_Information given_:
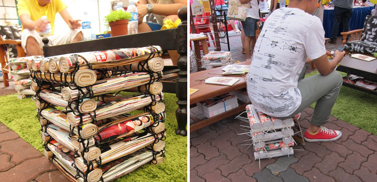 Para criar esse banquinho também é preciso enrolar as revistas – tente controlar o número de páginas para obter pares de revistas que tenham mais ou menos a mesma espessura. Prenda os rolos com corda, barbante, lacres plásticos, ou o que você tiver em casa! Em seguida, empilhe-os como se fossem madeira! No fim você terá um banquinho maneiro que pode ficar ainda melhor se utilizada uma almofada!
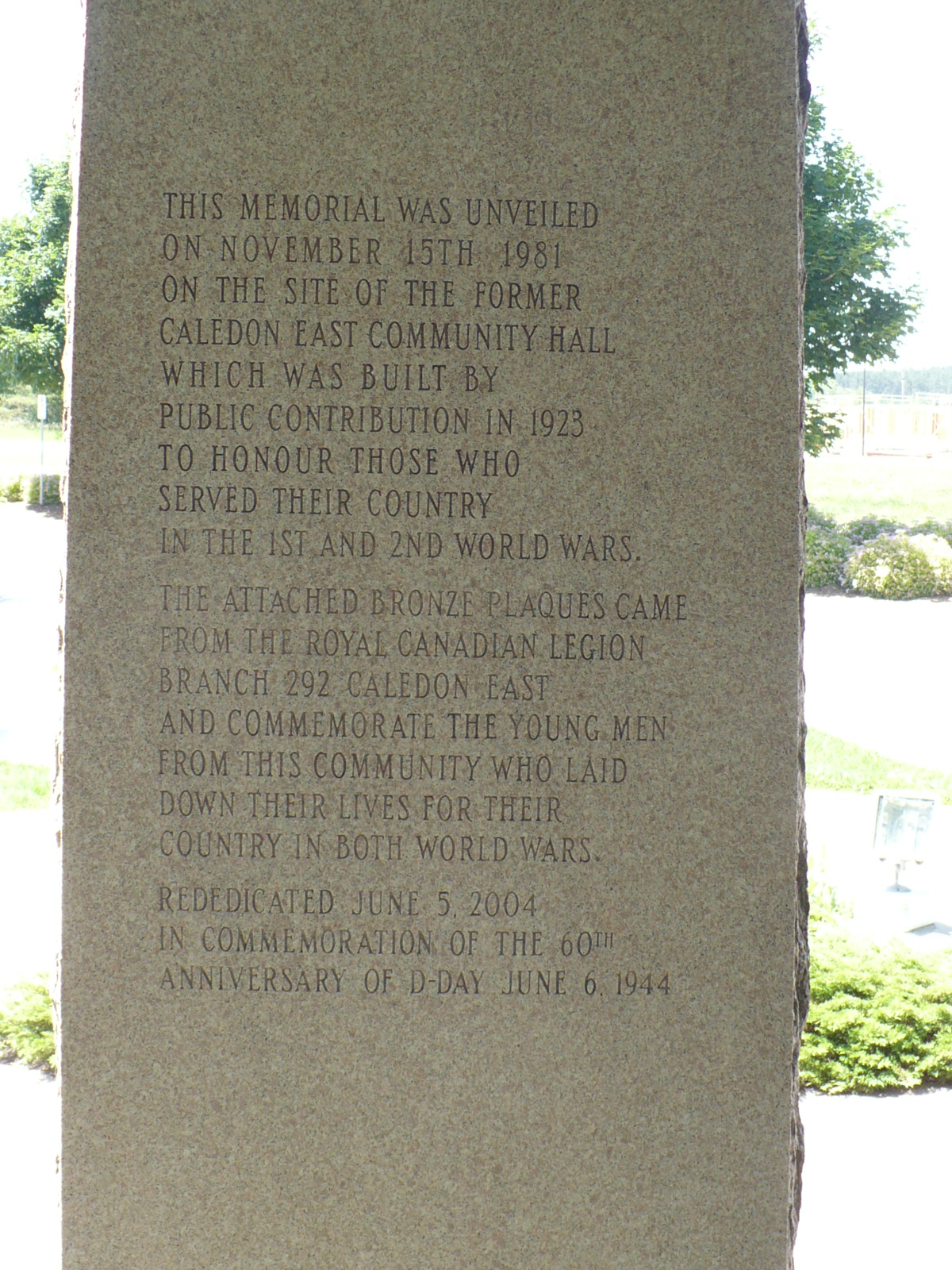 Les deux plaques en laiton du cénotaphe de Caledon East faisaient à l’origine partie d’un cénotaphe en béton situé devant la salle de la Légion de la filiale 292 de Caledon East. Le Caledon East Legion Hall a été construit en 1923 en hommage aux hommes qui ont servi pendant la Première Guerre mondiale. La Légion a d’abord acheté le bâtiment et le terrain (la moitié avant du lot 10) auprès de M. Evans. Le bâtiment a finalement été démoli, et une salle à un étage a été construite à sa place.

...

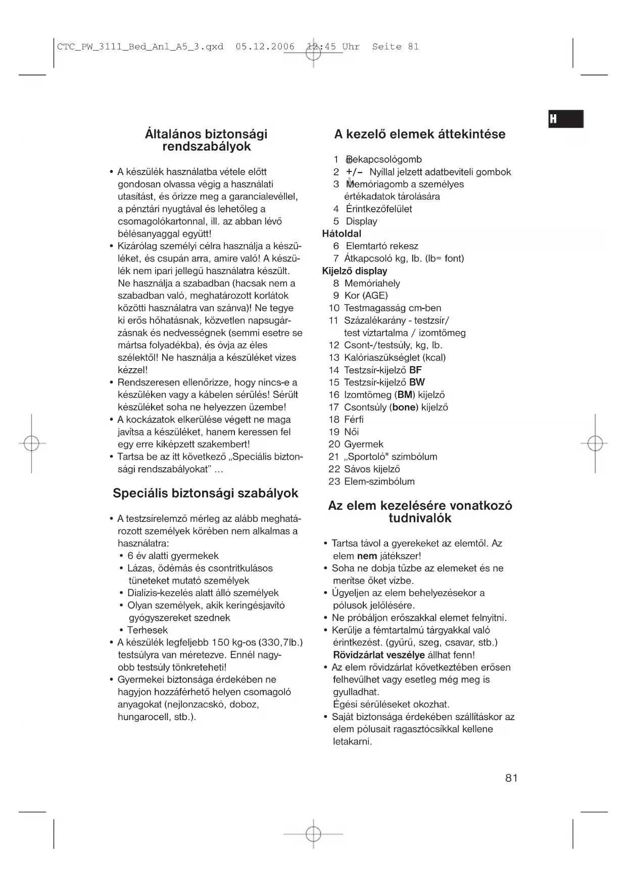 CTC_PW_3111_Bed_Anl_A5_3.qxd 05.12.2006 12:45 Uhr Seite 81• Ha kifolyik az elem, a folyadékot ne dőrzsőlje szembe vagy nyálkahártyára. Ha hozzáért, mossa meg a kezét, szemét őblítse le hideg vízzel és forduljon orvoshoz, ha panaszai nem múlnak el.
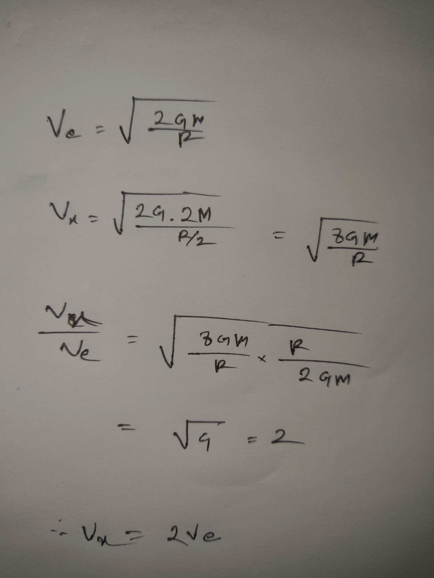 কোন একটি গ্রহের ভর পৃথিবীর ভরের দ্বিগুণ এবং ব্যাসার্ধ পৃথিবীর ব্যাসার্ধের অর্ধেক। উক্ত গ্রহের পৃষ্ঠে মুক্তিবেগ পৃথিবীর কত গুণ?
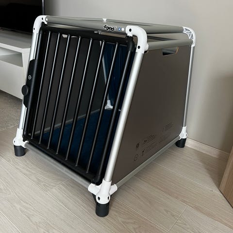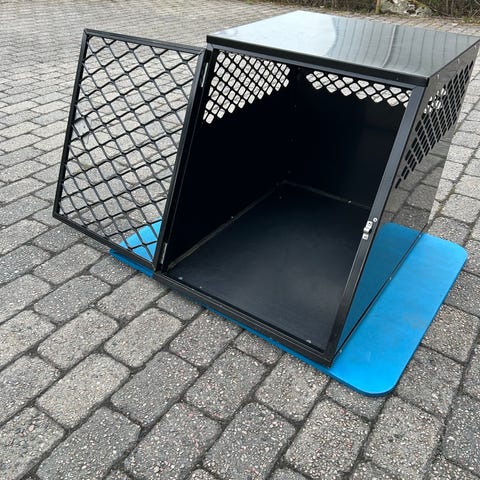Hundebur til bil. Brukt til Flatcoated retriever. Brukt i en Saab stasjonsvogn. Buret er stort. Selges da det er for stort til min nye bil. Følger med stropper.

_Problem to work on_: Using the entries above, transcribe every line from the line containing "Para criar esse" through the line containing "Les deux plaques". Do not copy pictures.

_Written answer_:
 Para criar esse banquinho também é preciso enrolar as revistas – tente controlar o número de páginas para obter pares de revistas que tenham mais ou menos a mesma espessura. Prenda os rolos com corda, barbante, lacres plásticos, ou o que você tiver em casa! Em seguida, empilhe-os como se fossem madeira! No fim você terá um banquinho maneiro que pode ficar ainda melhor se utilizada uma almofada!
 Les deux plaques en laiton du cénotaphe de Caledon East faisaient à l’origine partie d’un cénotaphe en béton situé devant la salle de la Légion de la filiale 292 de Caledon East. Le Caledon East Legion Hall a été construit en 1923 en hommage aux hommes qui ont servi pendant la Première Guerre mondiale. La Légion a d’abord acheté le bâtiment et le terrain (la moitié avant du lot 10) auprès de M. Evans. Le bâtiment a finalement été démoli, et une salle à un étage a été construite à sa place.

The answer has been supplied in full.